• _Material for the task_
------

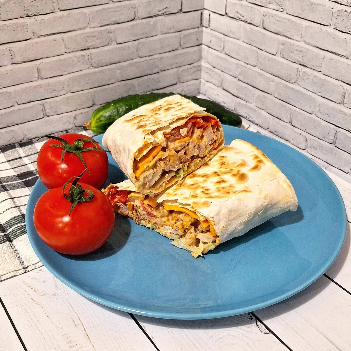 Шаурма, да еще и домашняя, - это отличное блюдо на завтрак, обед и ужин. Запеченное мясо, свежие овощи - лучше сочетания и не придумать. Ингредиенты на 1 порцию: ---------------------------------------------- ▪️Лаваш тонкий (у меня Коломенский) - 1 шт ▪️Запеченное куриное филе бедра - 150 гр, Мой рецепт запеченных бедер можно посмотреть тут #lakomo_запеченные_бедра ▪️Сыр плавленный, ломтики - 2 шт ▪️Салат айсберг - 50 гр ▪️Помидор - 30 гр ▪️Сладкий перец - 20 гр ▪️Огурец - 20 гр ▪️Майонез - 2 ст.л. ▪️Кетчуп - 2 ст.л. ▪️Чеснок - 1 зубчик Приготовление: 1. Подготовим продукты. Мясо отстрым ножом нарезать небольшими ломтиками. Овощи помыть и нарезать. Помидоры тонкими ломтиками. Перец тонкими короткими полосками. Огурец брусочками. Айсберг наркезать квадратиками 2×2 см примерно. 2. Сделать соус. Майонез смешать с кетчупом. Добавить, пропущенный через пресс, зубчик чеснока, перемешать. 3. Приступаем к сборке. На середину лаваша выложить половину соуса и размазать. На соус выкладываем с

------

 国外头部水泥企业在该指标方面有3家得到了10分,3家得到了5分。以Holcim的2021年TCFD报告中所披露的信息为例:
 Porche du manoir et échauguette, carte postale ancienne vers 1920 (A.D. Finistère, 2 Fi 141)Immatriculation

------

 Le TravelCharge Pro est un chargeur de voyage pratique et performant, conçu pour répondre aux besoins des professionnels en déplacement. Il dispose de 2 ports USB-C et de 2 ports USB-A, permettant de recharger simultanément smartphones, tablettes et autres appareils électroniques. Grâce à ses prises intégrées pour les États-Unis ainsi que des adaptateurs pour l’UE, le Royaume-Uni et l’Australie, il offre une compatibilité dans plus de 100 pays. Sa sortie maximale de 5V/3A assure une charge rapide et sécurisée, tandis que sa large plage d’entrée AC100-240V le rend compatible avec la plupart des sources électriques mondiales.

------

• _What to work on_
All lines above from the one holding "国外头部水泥企业在该指标方面" to the one holding "Porche du manoir", inclusive, are to be copied exactly; no other line is wanted.

• _Answer below_
 国外头部水泥企业在该指标方面有3家得到了10分,3家得到了5分。以Holcim的2021年TCFD报告中所披露的信息为例:
 Porche du manoir et échauguette, carte postale ancienne vers 1920 (A.D. Finistère, 2 Fi 141)Immatriculation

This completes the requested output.